Emerging growth company ☒
If an emerging growth company, indicate by check mark if the registrant has elected not to use the extended transition period for complying with any new or revised financial accounting standards provided pursuant to Section 13(a) of the Exchange Act. ☐
Item 3.03 Material Modification to Rights of Security Holders.
The information in Item 5.03 hereof is hereby incorporated herein by reference.
Item 5.02 Departure of Directors or Certain Officers, Election of Directors; Appointment of Certain Officers; Compensatory Arrangements of Certain Officers
At the GulfSlope Energy, Inc. (the “Company”) 2018 Annual Meeting of Stockholders (the “2018 Annual Meeting”), the Company’s stockholders approved and adopted the Company’s 2018 Omnibus Incentive Plan (the “2018 Plan”). The terms and conditions of the 2018 Plan are described in the Company’s definitive proxy statement filed with the Securities and Exchange Commission on April 27, 2018 (the “Proxy Statement”). A copy of the 2018 Plan is attached to our DEF 14A, definitive proxy statement, filed on April 27, 2018 and incorporated by reference herein. The Company’s 2018 Omnibus Incentive Plan is effective as of May 18, 2018.

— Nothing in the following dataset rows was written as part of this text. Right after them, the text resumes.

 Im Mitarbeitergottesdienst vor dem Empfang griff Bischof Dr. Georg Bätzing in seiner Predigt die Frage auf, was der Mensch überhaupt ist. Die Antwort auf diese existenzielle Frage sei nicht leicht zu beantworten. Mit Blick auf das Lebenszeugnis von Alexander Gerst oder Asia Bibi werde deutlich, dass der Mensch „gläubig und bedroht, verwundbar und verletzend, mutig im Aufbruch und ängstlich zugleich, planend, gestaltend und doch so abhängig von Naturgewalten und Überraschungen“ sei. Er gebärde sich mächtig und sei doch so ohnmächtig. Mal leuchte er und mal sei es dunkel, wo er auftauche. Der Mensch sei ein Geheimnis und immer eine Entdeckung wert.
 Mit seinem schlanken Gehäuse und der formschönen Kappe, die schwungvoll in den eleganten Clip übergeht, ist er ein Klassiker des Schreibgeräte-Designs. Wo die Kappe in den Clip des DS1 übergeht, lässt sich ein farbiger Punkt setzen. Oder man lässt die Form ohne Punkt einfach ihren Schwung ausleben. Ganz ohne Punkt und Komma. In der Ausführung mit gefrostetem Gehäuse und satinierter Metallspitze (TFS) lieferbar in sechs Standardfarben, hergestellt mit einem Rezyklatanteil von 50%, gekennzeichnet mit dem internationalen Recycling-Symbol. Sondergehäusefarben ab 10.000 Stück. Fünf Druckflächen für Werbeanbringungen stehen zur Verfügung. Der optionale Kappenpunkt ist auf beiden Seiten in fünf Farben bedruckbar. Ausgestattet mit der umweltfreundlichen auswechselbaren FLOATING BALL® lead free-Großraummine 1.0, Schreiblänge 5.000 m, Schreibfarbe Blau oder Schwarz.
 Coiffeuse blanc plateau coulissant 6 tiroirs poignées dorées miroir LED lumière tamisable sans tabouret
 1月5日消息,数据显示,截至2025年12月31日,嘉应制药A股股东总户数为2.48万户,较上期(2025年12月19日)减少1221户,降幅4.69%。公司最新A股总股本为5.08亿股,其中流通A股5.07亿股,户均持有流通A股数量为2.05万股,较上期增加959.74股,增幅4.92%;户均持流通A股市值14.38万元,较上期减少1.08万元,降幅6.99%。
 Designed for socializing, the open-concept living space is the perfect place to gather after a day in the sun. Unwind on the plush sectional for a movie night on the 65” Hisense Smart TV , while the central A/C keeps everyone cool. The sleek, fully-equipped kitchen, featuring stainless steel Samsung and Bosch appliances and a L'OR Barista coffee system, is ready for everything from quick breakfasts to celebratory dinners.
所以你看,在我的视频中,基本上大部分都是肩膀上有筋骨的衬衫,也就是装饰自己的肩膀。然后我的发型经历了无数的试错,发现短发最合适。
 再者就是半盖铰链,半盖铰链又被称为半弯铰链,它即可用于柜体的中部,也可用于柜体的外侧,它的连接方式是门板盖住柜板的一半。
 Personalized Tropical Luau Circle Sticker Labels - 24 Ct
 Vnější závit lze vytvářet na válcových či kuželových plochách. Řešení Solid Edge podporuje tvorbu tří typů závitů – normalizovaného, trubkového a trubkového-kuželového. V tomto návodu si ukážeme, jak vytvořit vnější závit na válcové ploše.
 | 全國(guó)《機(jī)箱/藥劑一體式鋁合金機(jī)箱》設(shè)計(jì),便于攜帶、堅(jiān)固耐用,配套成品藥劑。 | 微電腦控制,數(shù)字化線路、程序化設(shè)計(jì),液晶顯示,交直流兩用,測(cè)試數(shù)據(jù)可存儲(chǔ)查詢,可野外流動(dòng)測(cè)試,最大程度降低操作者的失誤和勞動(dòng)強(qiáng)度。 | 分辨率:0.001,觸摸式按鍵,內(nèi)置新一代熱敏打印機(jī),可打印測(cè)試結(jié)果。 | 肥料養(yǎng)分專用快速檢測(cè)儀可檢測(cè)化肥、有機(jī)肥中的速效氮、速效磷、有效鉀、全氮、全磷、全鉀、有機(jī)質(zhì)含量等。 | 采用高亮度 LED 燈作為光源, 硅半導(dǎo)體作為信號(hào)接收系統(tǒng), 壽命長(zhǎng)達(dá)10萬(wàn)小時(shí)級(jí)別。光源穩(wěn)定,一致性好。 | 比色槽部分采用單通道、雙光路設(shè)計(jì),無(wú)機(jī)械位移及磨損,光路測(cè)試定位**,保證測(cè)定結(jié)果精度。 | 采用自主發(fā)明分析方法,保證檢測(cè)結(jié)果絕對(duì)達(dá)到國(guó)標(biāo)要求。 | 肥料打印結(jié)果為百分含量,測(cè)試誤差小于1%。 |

On May 21, 2018, Dr. Ronald A. Bain, 72, informed the Board of Directors of the Company (the “Board of Directors”) of his intention to retire as the Chief Operating Officer and President of the Company effective immediately. His resignation did not result from any disagreement with the Company. John N. Seitz, GulfSlope’s current Chief Executive Officer and Chairman of the Board of Directors, will assume the role of Chief Operating Officer and President on an interim basis. Dr. Bain will enter into a consulting agreement to provide geotechnical services to the Company as needed.
Item 5.03 Amendments to Articles of Incorporation or Bylaws; Change in Fiscal Year.
At the 2018 Annual Meeting, the Company’s stockholders approved an amended and restated certificate of incorporation incorporating an amendment to increase the number of authorized shares of the Company’s common stock from to 975,000,000 to 1,500,000,000 (the “Amended and Restated Certificate of Incorporation”). The Amended and Restated Certificate of Incorporation was previously approved by the Board of Directors, subject to stockholder approval. Accordingly, on May 24, 2018, the Company filed the Amended and Restated Certificate of Incorporation with the Secretary of State of the State of Delaware.
The foregoing description of the Amended and Restated Certificate of Incorporation is qualified in its entirety by reference to Exhibit 3.1 filed herewith and incorporated herein by reference.
Item 5.07 Submission of Matters to a Vote of Security Holders.
On May 18, 2018, the Company held its 2018 Annual Meeting in Houston, Texas. The proposals voted upon at the Annual Meeting and the final voting results are indicated below. For additional information on these proposals, please see the Company’s Proxy Statement.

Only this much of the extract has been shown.